Он намеревался теперь перебраться в одну из южных провинций и там, у границ королевства, найти пристанище в какой-нибудь захолустной деревушке. С ним ехали его домочадцы — жена и двое верных слуг, мужчина и женщина, пожелавшие разделить с хозяином его судьбу.
Ночь была темной, по небу неслись грозовые тучи, и примерно в трех лье от Парижа Питер[6], исполнявший сейчас обязанности кучера и некоторое время ехавший по поросшей кустарником степи, изборожденной вдоль и поперек колеями, остановил лошадей и объявил Ла Мотту, что не знает, куда держать путь. Неожиданная остановка заставила последнего очнуться от раздумья и повергла беглецов в ужас перед возможной погоней. Ла Мотт не мог дать слуге Какие-либо указания, двигаться же наобум дальше в густом мраке было опасно. Путники растерялись и пали духом, но вдруг заметили вдали огонек, и Ла Мотт после долгих колебаний и сомнений вышел из кареты и, в надежде обрести помощь, зашагал на свет; двигался он медленно, боясь угодить в какую-нибудь яму. Свет просачивался из окна небольшого старинного дома, стоявшего одиноко в степи на расстоянии полумили.
Подойдя к двери, он остановился и некоторое время с беспокойством и тревогой прислушивался — но, кроме завывания ветра, бурными порывами метавшегося по безлюдному краю, не было слышно ни звука. Наконец он решился постучать и некоторое время ожидал, смутно слыша переговаривающиеся голоса; потом кто-то спросил, что ему нужно. Ла Мотт ответил, что он путешествует, но сбился с дороги и желал бы узнать, как ему добраться до ближайшего поселения.

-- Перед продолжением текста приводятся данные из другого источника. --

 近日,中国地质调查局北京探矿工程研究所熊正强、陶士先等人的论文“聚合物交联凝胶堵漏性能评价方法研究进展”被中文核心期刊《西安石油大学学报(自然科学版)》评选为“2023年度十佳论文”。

— До городка отсюда семь миль, — ответил тот же голос, — да и дорога больно скверная, даже если б видна была. Но коль вам только переночевать надобно, можете остановиться здесь, так-то оно лучше будет.

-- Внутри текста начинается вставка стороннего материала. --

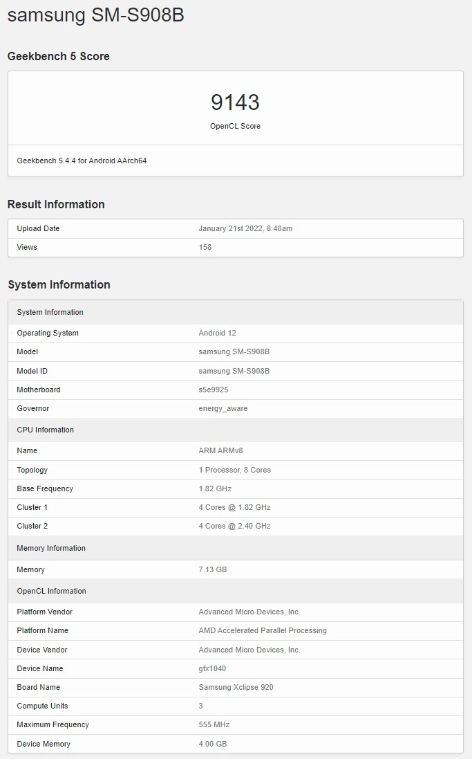 Там рассмотрели мобильное устройство Samsung с номером SM-S908B на Android 12 с 8 ГБ памяти. Snapdragon 8 Gen 1 был в составе смартфона Motorola XT2201-2. Как видно из результатов, чип Samsung заметно опережает Snapdragon 8 Gen 1. Тест OpenCL показывает наличие видеопамяти 4 ГБ. Неизвестно, это выделенная память (VRAM) или DRAM. GPU в Xclipse 920 работал на частоте 555 МГц. Это очень мало, поскольку прежде ждали значения 1,30 ГГц.

«Безжалостные порывы урагана»[7], с усиленной яростью бичевавшего теперь Ла Мотта, склонили его к решению отказаться от мысли двигаться дальше до наступления дня; однако, желая увидеть человека, с которым он разговаривал, прежде чем подозвать карету и тем выдать присутствие своей семьи, он попросил впустить его. Дверь отворил высокий мужчина со свечой в руке и предложил Ла Мотту войти. Ла Мотт последовал за ним по коридору и оказался в почти пустой комнате; в одном из углов прямо на полу валялось какое-то тряпье, напоминавшее ложе. Заброшенный и унылый вид помещения заставил Ла Мотта инстинктивно попятиться, и он уже намеревался выйти, как вдруг человек подтолкнул его сзади, и Ла Мотт услышал щелк захлопнувшегося замка. Сердце его упало, но он все же сделал отчаянную, хотя и тщетную попытку взломать дверь, громко требуя освободить его. Ответа не было, хотя он различил мужские голоса, доносившиеся из комнаты наверху; уже не сомневаясь, что его вознамерились ограбить и убить, он поначалу от страха потерял способность соображать. При свете нескольких догоравших в очаге угольков он увидел окно, однако надежда, рожденная этим открытием, быстро угасла, как только он разглядел, что проем окна забран прочной железной решеткой. Такая забота о безопасности его удивила и подтвердила худшие опасения. Один, безоружный, без какой-либо надежды на помощь, он осознал, что находится во власти людей, чьим ремеслом явно был грабеж, а образом действий — убийство! Перебрав все возможности бегства, он решил ждать дальнейших событий, вооружившись мужеством, — впрочем, Ла Мотт не мог похвастаться этой добродетелью.